Learning About Language Assessment: Dilemmas, Decisions, and Directions – K.M. Bailey

(en español)

Learning About Language Assessment - Bailey 1998As I read my way through Kathleen M. Bailey’s book about assessment (1998), I was reminded of a nightmare I had during my student teaching experience in a multilingual third grade public school classroom:

I was back in Berkeley.  An anti-abortion group calling itself NWEA had called for a protest at the house a teenage girl who had been raped.  This was an organization known for terrorizing not only abortion providers, but people who get abortions as well.  They used strategies that had been developed and perfected by the KKK in the height of the Jim Crow era.  There was therefore a call by others for people to come out and support the family.  I arrived early but didn’t see the house as I approached.  It looked to be a vacant lot between two office buildings, but when I came to the corner of the office building and looked into the lot, I could see the small dilapidated house tucked back and hidden away, blocked from view by the high rises on either side.

Right around the same time as I approached, so too did a parent of a former student who I’m “friends” with on Facebook [someone who I actually never friended on Facebook though I got to know them well from having two of their children in preschool and/or afterschool continuously over the course of about three years] .  The parent was asking me about my Facebook post asking for a pen.  I explained to her that I had posted that several hours earlier in the day and that I had already found a pen that I could use.  It was a friendly exchange, but I noticed that she went to the area that the NWEA members were gathering, so I left her and walked up to the house.

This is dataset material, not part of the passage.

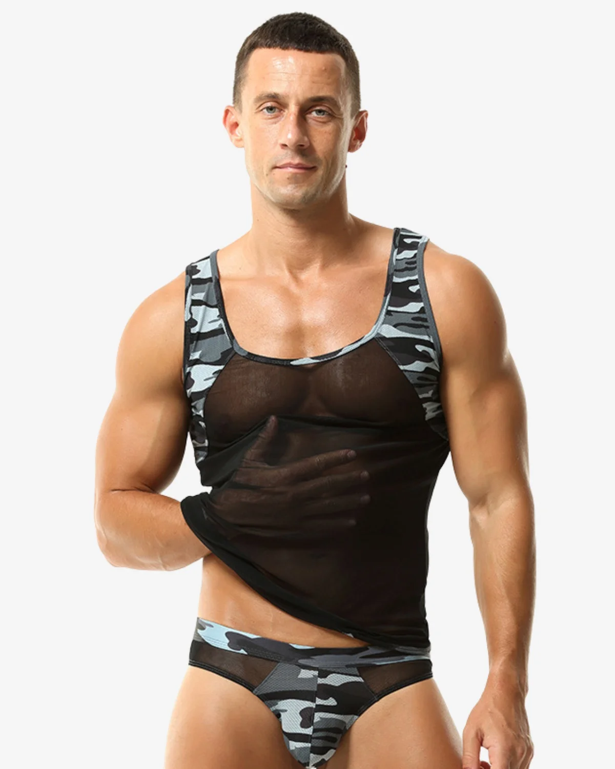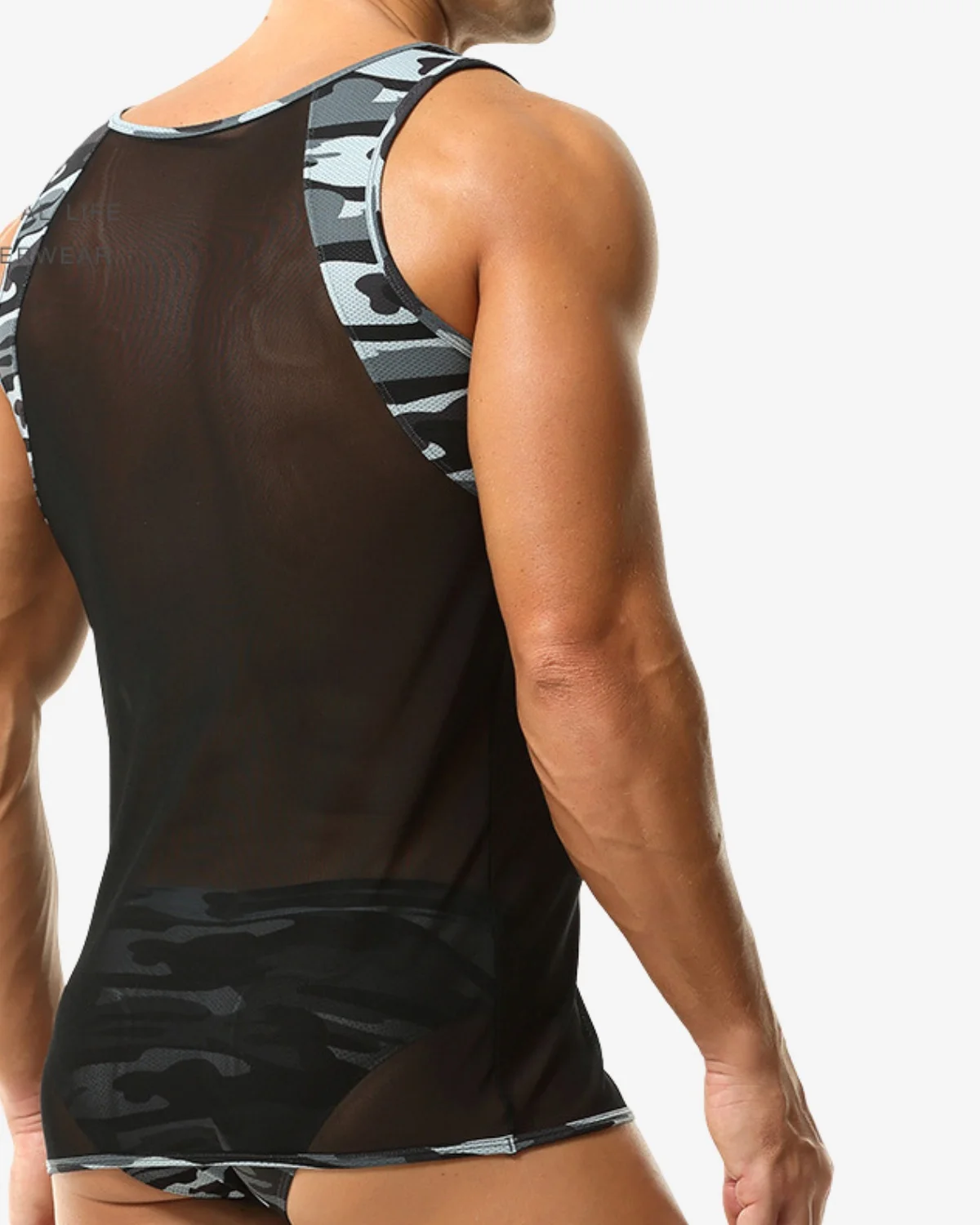 Our Urban Camo Mesh Tank Top wholesale combines a tactical aesthetic with a provocative sheer design. The main body is crafted from a highly transparent black mesh for maximum breathability and visibility, framed by bold grey camouflage paneling across the shoulders and trim. Perfect as clubwear, daring activewear, or a stealthy layering piece that shows off everything you’ve earned.
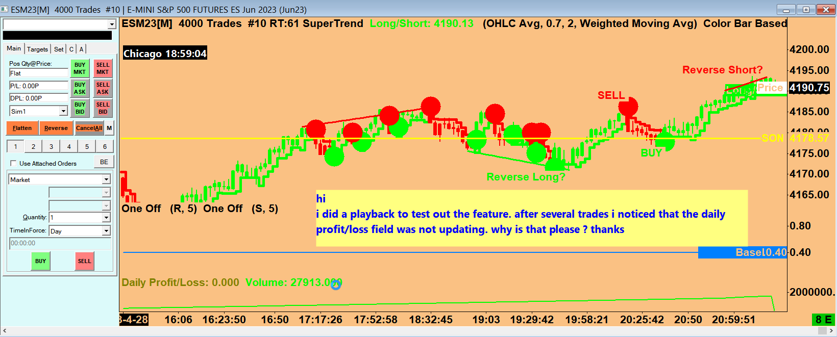 Regarding post #9, this is comprehensively explained here: Trade Simulation: Viewing Positions and Current Profit/Loss secondly, is it possible to configure what columns i want to view in the trades and chart stats tabs within the trade activity log? The columns can be reordered and you can change the width:Trade Activity Log: Column Widths and Font The columns can be reordered by left clicking on the header lines and dragging them left or right. The Trading Evaluator service has no integration with a chart replay on the users installation of Sierra Chart: why then cant one use that option when running a playback to get results to display in trade positions and trade account pls ?

I took my shoes off on the front porch and went inside.  The father was very protective.  He was an African American preacher who spoke with a southern accent.  He eyed me warily as I entered.  I told the family that I was there to support them and asked them what I should do.  As I spoke I saw the expression on the teenager’s face.  It was one I had seen before.  Years ago a co-worker of mine had come in to work with a black eye and bruised all over from having been attacked by a serial rapist, and she wore that very same look for several weeks.  It was a look of fear and dread, but also a look of determination.  A look that said she didn’t know who she could trust and that if it turned out it wasn’t you, then you would live to regret it.  A look that amplified when the chanting began outside before any member of the family could answer me.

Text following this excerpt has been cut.